**PROBLEM REQUIREMENTS:**
Of all the entries below, retype only the lines from the one with "Originální pohlednice zobrazující" through the one with "スマホやノートパソコンで情報を調べる若い男女のイラスト素材", exactly as they appear.

**DATA TO EXAMINE:**
★ ★ ★

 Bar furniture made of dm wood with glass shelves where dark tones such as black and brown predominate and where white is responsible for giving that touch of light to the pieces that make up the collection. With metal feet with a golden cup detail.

★ ★ ★

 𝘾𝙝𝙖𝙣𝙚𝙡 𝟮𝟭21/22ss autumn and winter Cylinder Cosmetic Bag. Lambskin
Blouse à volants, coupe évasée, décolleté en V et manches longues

★ ★ ★

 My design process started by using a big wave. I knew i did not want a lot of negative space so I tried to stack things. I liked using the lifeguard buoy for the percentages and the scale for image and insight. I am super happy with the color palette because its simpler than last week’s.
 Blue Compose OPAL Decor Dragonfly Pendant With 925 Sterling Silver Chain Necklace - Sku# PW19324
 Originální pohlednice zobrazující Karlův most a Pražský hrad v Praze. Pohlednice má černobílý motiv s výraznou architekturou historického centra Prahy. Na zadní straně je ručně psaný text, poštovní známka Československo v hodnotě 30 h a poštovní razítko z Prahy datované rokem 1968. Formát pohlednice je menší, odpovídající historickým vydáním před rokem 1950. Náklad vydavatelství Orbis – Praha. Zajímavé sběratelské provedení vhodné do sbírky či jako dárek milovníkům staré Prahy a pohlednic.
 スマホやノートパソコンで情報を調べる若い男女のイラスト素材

★ ★ ★

**ANSWER SECTION:**
 Originální pohlednice zobrazující Karlův most a Pražský hrad v Praze. Pohlednice má černobílý motiv s výraznou architekturou historického centra Prahy. Na zadní straně je ručně psaný text, poštovní známka Československo v hodnotě 30 h a poštovní razítko z Prahy datované rokem 1968. Formát pohlednice je menší, odpovídající historickým vydáním před rokem 1950. Náklad vydavatelství Orbis – Praha. Zajímavé sběratelské provedení vhodné do sbírky či jako dárek milovníkům staré Prahy a pohlednic.
 スマホやノートパソコンで情報を調べる若い男女のイラスト素材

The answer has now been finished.